The problem — From start to end, write out the following data exactly, apart from its images.

[Records from a data collection]
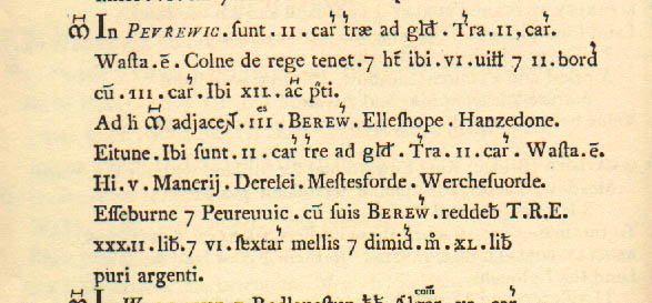 | In Parwich 2c of land taxable. Land for 2 ploughs. Waste. Coln holds from the King. He has 6 villagers and 2 smallholders with 3 ploughs Meadow, 12 acres. Attached to this manor are 3 outliers, ALSOP, HANSON and (cold) EATON. 2c of land taxable. Land for 2 ploughs. Waste These fivemanors. DARLEY< MATLOCK (Bridge) WIRKSWORTH ASHBOURNE and PARWICH with their outliers paid £32 and 6½ sesters of honey before 1066; now £40 pure silver. |
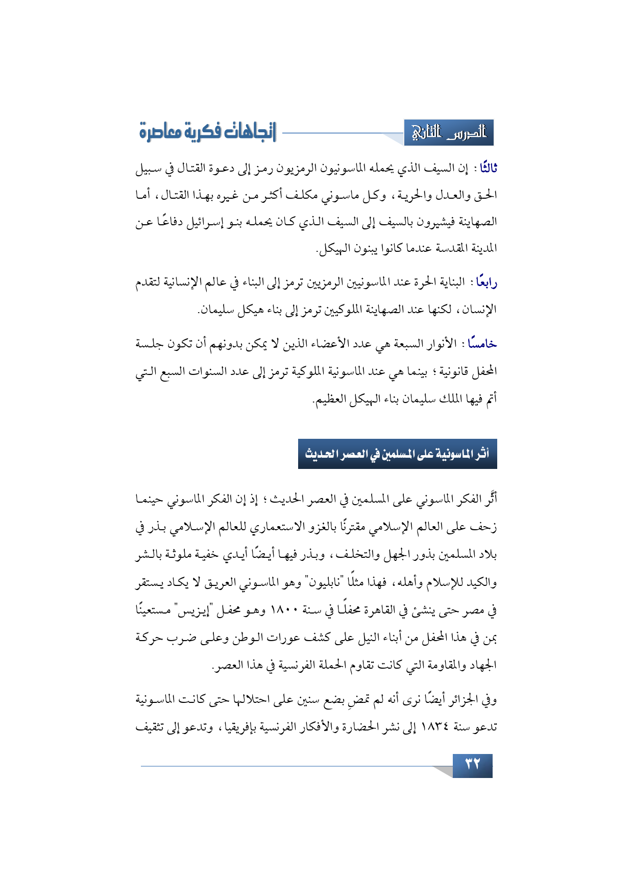 إذ إ ن الفكر الماسوني حينما زحف على العالم الإسلامي مقترنًا بالغزو الاستعماري للعالم الإسلامي بذر في بلاد المسلمين بذور الجهل والتخلف، وبذر فيها أيضًا أيدي خفية ملوثة بالشر والكيد للإسلام وأهله، فهذا مثلًا " نابليون " وهو الماسوني العريق لا يكاد يستقر في مصر حتى ينشئ في القاهرة محفلًا في سنة 1800 وهو محفل "إ يزيس " مستعينًا بمن في هذا المحفل من أبناء النيل على كشف عورات الوطن وعلى ضرب حركة الجهاد والمقاومة التي كانت تقاوم الحملة الفرنسية في هذا العصر.
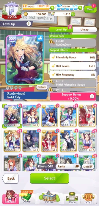 It is somewhat remarkable then how good of an example of this dichotomy that Umamusume: Pretty Derby is. The main game play loop of Umamusume is pursuing individual racers Careers, which are extended narratives that involve multiple checkpoint races that require certain placements and requirements to enter. There are also daily races for resources, events, and stories that expand on the narratives of individual Umamusumes, but this narrative is separate from the Career mode. There’s also a PVP mode, and many more updates to come as the game progresses; at the time of this review, the game has only been officially out in English for 4 days, and has 4+ years of content to catch up on with the currently ongoing Japanese release. But what is already here is, frankly, a lot of game and very engaging. Even if you never pull a single time on the Umamusume banners for new trainees, the game gives you 5 different racers to start with: Gold Ship, Vodka, Daiwa Scarlet, Sakura Bakushin O, and Haru Urara. It also gives you a full deck of Support Cards, which provide buffs and benefits to your racers and specifically to your Career training goals.
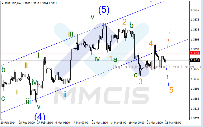 В качестве основного сценария рассматривается снижение в волне «5» к отметке 1.3700. В качестве альтернативного сценария рассматривается пробой уровня сопротивления 1.3840, что может привести к росту единой валюты в район отметки 1.3940.
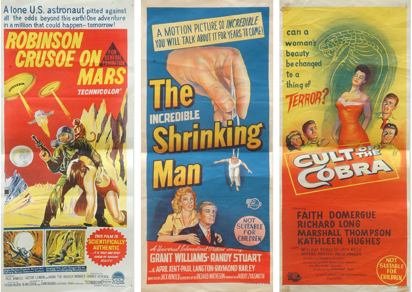 Universal International, 1957, Australian daybill; and 2 other Australian daybills for Cult Of The Cobra, Universal International, 1955; and Robinson Crusoe On Mars, Paramount, 1964, Condition B+ to A- All 76cm x 34cm -
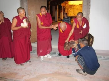 A goat is standing by a shop, tied on a very short leash. It is waiting to be killed by the butcher. I am not sure if it is aware it will be killed very soon. Rinpoche asks the jeep to stop as soon as he sees the goat. It is a nice looking, strong and young goat, brown colored with spots all over it. The negotiations start immediately with the shopkeeper. How much does he want for the goat? He discusses it with his friend in the shop and we settle on 8,500 rupees (about US$ 119), the cost of a cheap cell phone. The man explains that now they will get another goat because they have a commitment to get meat for the weekend. Rinpoche immediately starts negotiating for the second goat. I wonder to myself how long is this going to go on! We settle on the price for the second goat. Then we drive off to Kopan Nunnery and the two goats are brought there soon after. Rinpoche blesses both the goats. They look happy!
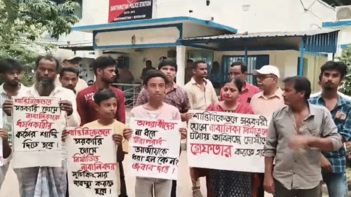 সৌভিক সিকদার, বোলপুর -: বীরভূমের শান্তিনিকেতনে এক নাবালিকা নির্যাতনের ঘটনায় উত্তপ্ত হয়ে উঠল থানা চত্বর। সোমবার, ‘বহ্নিশিখা’ নারী নিগ্রহ প্রতিবাদ কমিটির নেতৃত্বে কয়েক’শ গ্রামবাসী এবং নির্যাতিতার পরিবার শান্তিনিকেতন থানায় বিশাল বিক্ষোভ মিছিল এবং ডেপুটেশন কর্মসূচি পালন করেন। এই আন্দোলনকে কেন্দ্র করে দিনভর রণক্ষেত্রের চেহারা নেয় এলাকা।
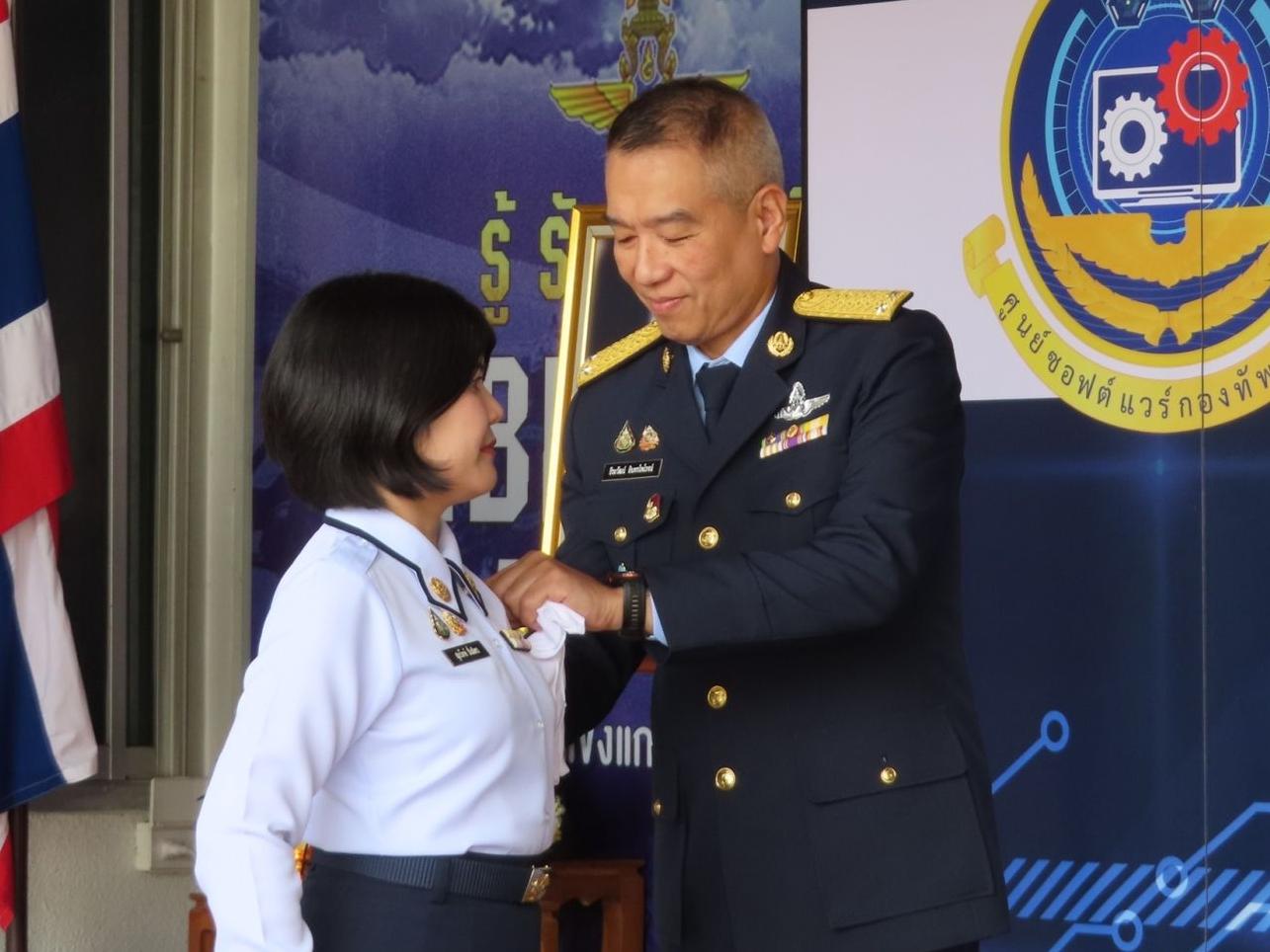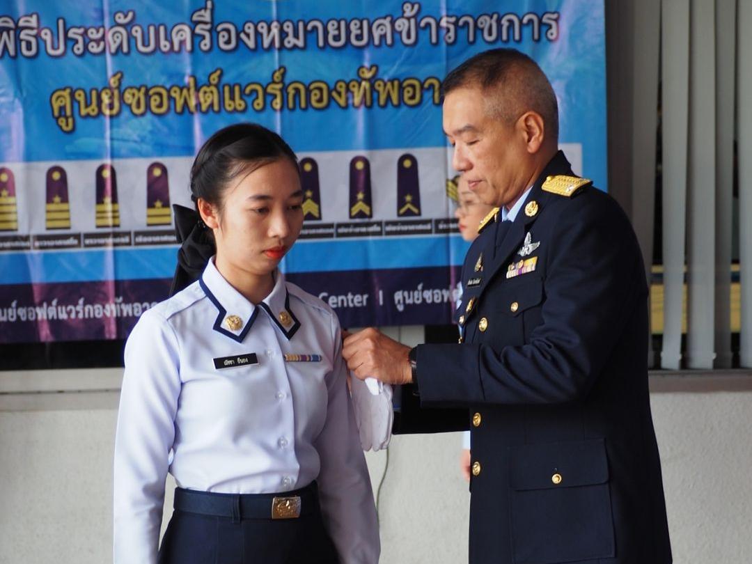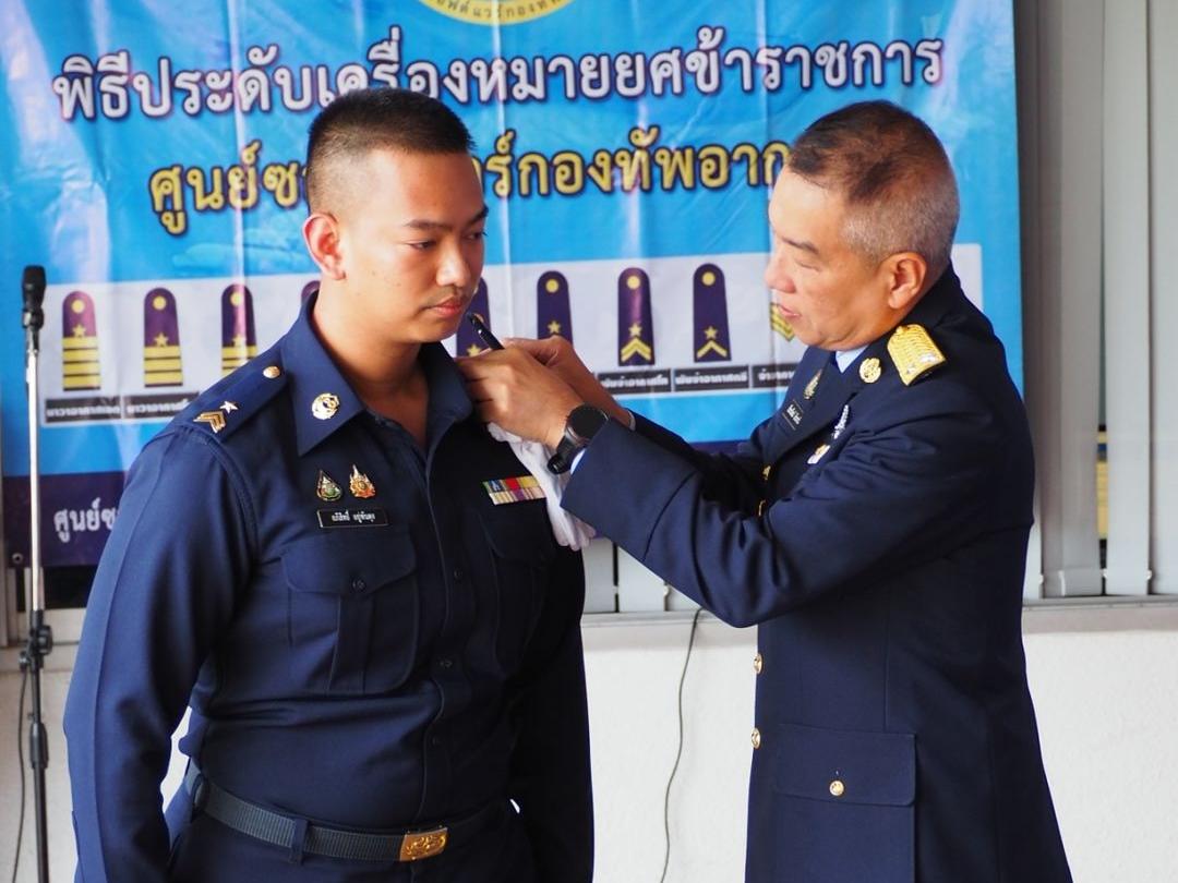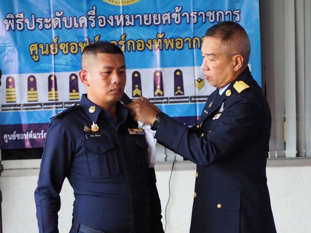 ผอ.ศซว.ทอ. เป็นประธานพิธีประดับเครื่องหมายยศข้าราชการ น.สัญญาบัตร และน.ประทวน ศูนย์ซอฟต์แวร์กองทัพอากาศ จำนวน 9 คน โดยมีผู้บังคับบัญชา ข้าราชการ ศซว.ทอ.เข้าร่วมพิธี ณ ลานหน้าอาคารศูนย์ซอฟต์แวร์กองทัพอากาศ
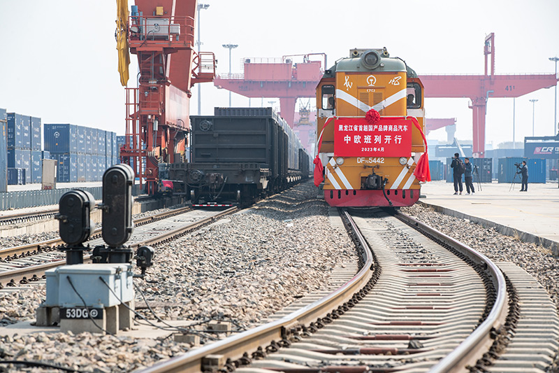 当日,在哈尔滨国际集装箱中心站,黑龙江省开行的首趟国产品牌商品汽车中欧班列发车。该趟班列共载有165台出口的国产品牌商品汽车。
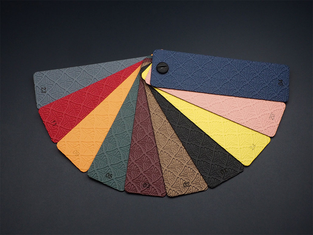 Az általunk kínált termékek anyagválasztéka a finom tapintású papíralapú műbőrtől a valódi bőrön és műbársonyon át a nyírfáig terjed. Számos termék többféle anyagból is elérhető (önálló cikkszámok alatt), de vannak cikkek, melyek csak meghatározott anyagminőségben kaphatók. A legtöbb anyag pedig több színben is rendelhető.
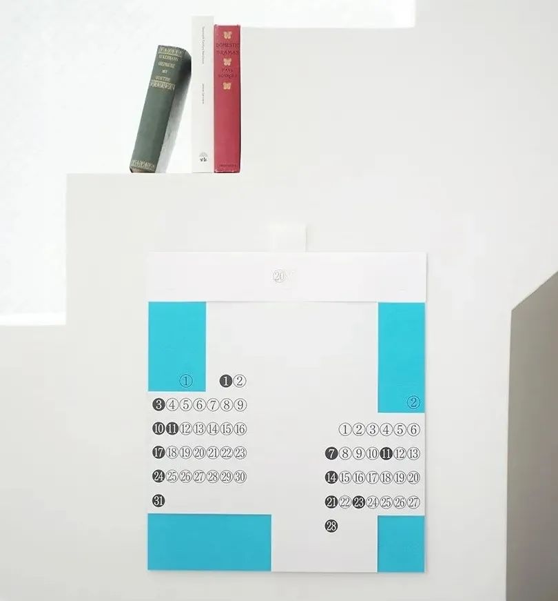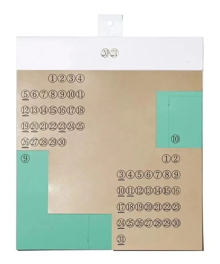 由日本知名設計師上原涼介設計,采用各種紋理紙張進行重疊,日歷中帶圓圈的數字,則用于闡明日期。日歷上整齊有序的字體,使整體視覺看起來很舒適。
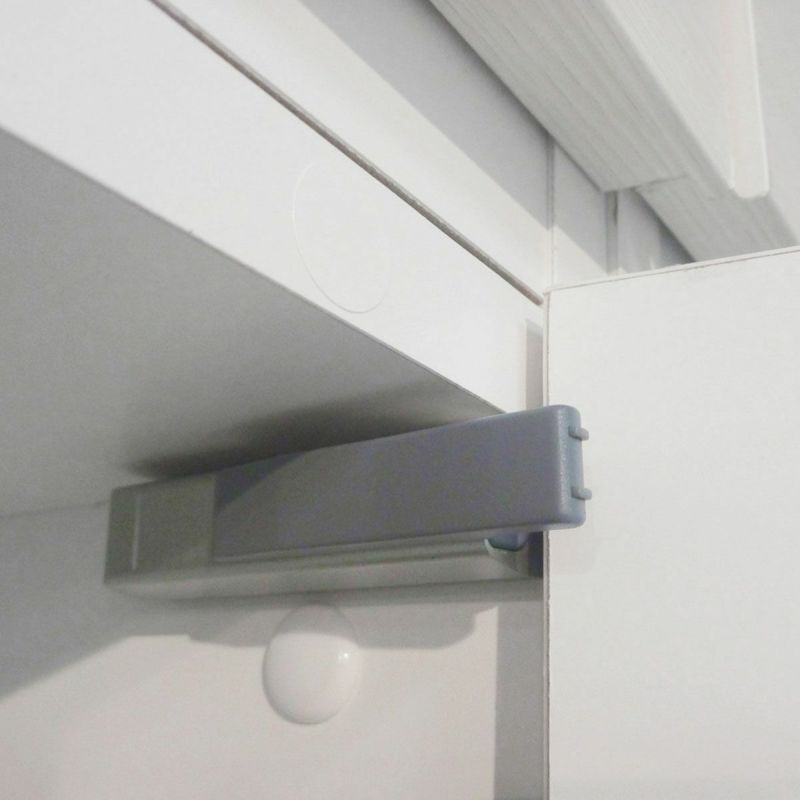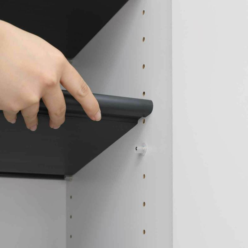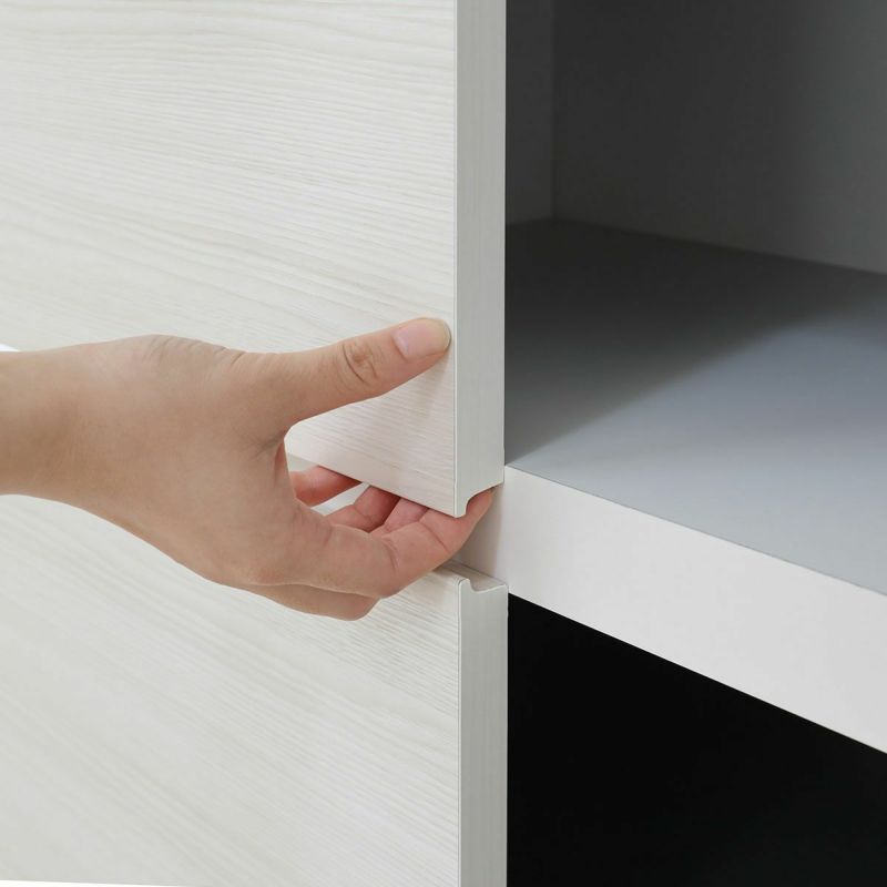 手にやさしい丸みのあるフォルムです。取っ手がないのでスッキリしています。扉がゆっくり閉じるダンパー機能。事故を防ぐ安心仕様で開閉音も静かです。棚板は汚れても水洗いのできる樹脂製になっています。

Written response —
 | In Parwich 2c of land taxable. Land for 2 ploughs. Waste. Coln holds from the King. He has 6 villagers and 2 smallholders with 3 ploughs Meadow, 12 acres. Attached to this manor are 3 outliers, ALSOP, HANSON and (cold) EATON. 2c of land taxable. Land for 2 ploughs. Waste These fivemanors. DARLEY< MATLOCK (Bridge) WIRKSWORTH ASHBOURNE and PARWICH with their outliers paid £32 and 6½ sesters of honey before 1066; now £40 pure silver. |
 إذ إ ن الفكر الماسوني حينما زحف على العالم الإسلامي مقترنًا بالغزو الاستعماري للعالم الإسلامي بذر في بلاد المسلمين بذور الجهل والتخلف، وبذر فيها أيضًا أيدي خفية ملوثة بالشر والكيد للإسلام وأهله، فهذا مثلًا " نابليون " وهو الماسوني العريق لا يكاد يستقر في مصر حتى ينشئ في القاهرة محفلًا في سنة 1800 وهو محفل "إ يزيس " مستعينًا بمن في هذا المحفل من أبناء النيل على كشف عورات الوطن وعلى ضرب حركة الجهاد والمقاومة التي كانت تقاوم الحملة الفرنسية في هذا العصر.
 It is somewhat remarkable then how good of an example of this dichotomy that Umamusume: Pretty Derby is. The main game play loop of Umamusume is pursuing individual racers Careers, which are extended narratives that involve multiple checkpoint races that require certain placements and requirements to enter. There are also daily races for resources, events, and stories that expand on the narratives of individual Umamusumes, but this narrative is separate from the Career mode. There’s also a PVP mode, and many more updates to come as the game progresses; at the time of this review, the game has only been officially out in English for 4 days, and has 4+ years of content to catch up on with the currently ongoing Japanese release. But what is already here is, frankly, a lot of game and very engaging. Even if you never pull a single time on the Umamusume banners for new trainees, the game gives you 5 different racers to start with: Gold Ship, Vodka, Daiwa Scarlet, Sakura Bakushin O, and Haru Urara. It also gives you a full deck of Support Cards, which provide buffs and benefits to your racers and specifically to your Career training goals.
 В качестве основного сценария рассматривается снижение в волне «5» к отметке 1.3700. В качестве альтернативного сценария рассматривается пробой уровня сопротивления 1.3840, что может привести к росту единой валюты в район отметки 1.3940.
 Universal International, 1957, Australian daybill; and 2 other Australian daybills for Cult Of The Cobra, Universal International, 1955; and Robinson Crusoe On Mars, Paramount, 1964, Condition B+ to A- All 76cm x 34cm -
 A goat is standing by a shop, tied on a very short leash. It is waiting to be killed by the butcher. I am not sure if it is aware it will be killed very soon. Rinpoche asks the jeep to stop as soon as he sees the goat. It is a nice looking, strong and young goat, brown colored with spots all over it. The negotiations start immediately with the shopkeeper. How much does he want for the goat? He discusses it with his friend in the shop and we settle on 8,500 rupees (about US$ 119), the cost of a cheap cell phone. The man explains that now they will get another goat because they have a commitment to get meat for the weekend. Rinpoche immediately starts negotiating for the second goat. I wonder to myself how long is this going to go on! We settle on the price for the second goat. Then we drive off to Kopan Nunnery and the two goats are brought there soon after. Rinpoche blesses both the goats. They look happy!
 সৌভিক সিকদার, বোলপুর -: বীরভূমের শান্তিনিকেতনে এক নাবালিকা নির্যাতনের ঘটনায় উত্তপ্ত হয়ে উঠল থানা চত্বর। সোমবার, ‘বহ্নিশিখা’ নারী নিগ্রহ প্রতিবাদ কমিটির নেতৃত্বে কয়েক’শ গ্রামবাসী এবং নির্যাতিতার পরিবার শান্তিনিকেতন থানায় বিশাল বিক্ষোভ মিছিল এবং ডেপুটেশন কর্মসূচি পালন করেন। এই আন্দোলনকে কেন্দ্র করে দিনভর রণক্ষেত্রের চেহারা নেয় এলাকা।
 ผอ.ศซว.ทอ. เป็นประธานพิธีประดับเครื่องหมายยศข้าราชการ น.สัญญาบัตร และน.ประทวน ศูนย์ซอฟต์แวร์กองทัพอากาศ จำนวน 9 คน โดยมีผู้บังคับบัญชา ข้าราชการ ศซว.ทอ.เข้าร่วมพิธี ณ ลานหน้าอาคารศูนย์ซอฟต์แวร์กองทัพอากาศ
 当日,在哈尔滨国际集装箱中心站,黑龙江省开行的首趟国产品牌商品汽车中欧班列发车。该趟班列共载有165台出口的国产品牌商品汽车。
 Az általunk kínált termékek anyagválasztéka a finom tapintású papíralapú műbőrtől a valódi bőrön és műbársonyon át a nyírfáig terjed. Számos termék többféle anyagból is elérhető (önálló cikkszámok alatt), de vannak cikkek, melyek csak meghatározott anyagminőségben kaphatók. A legtöbb anyag pedig több színben is rendelhető.
 由日本知名設計師上原涼介設計,采用各種紋理紙張進行重疊,日歷中帶圓圈的數字,則用于闡明日期。日歷上整齊有序的字體,使整體視覺看起來很舒適。
 手にやさしい丸みのあるフォルムです。取っ手がないのでスッキリしています。扉がゆっくり閉じるダンパー機能。事故を防ぐ安心仕様で開閉音も静かです。棚板は汚れても水洗いのできる樹脂製になっています。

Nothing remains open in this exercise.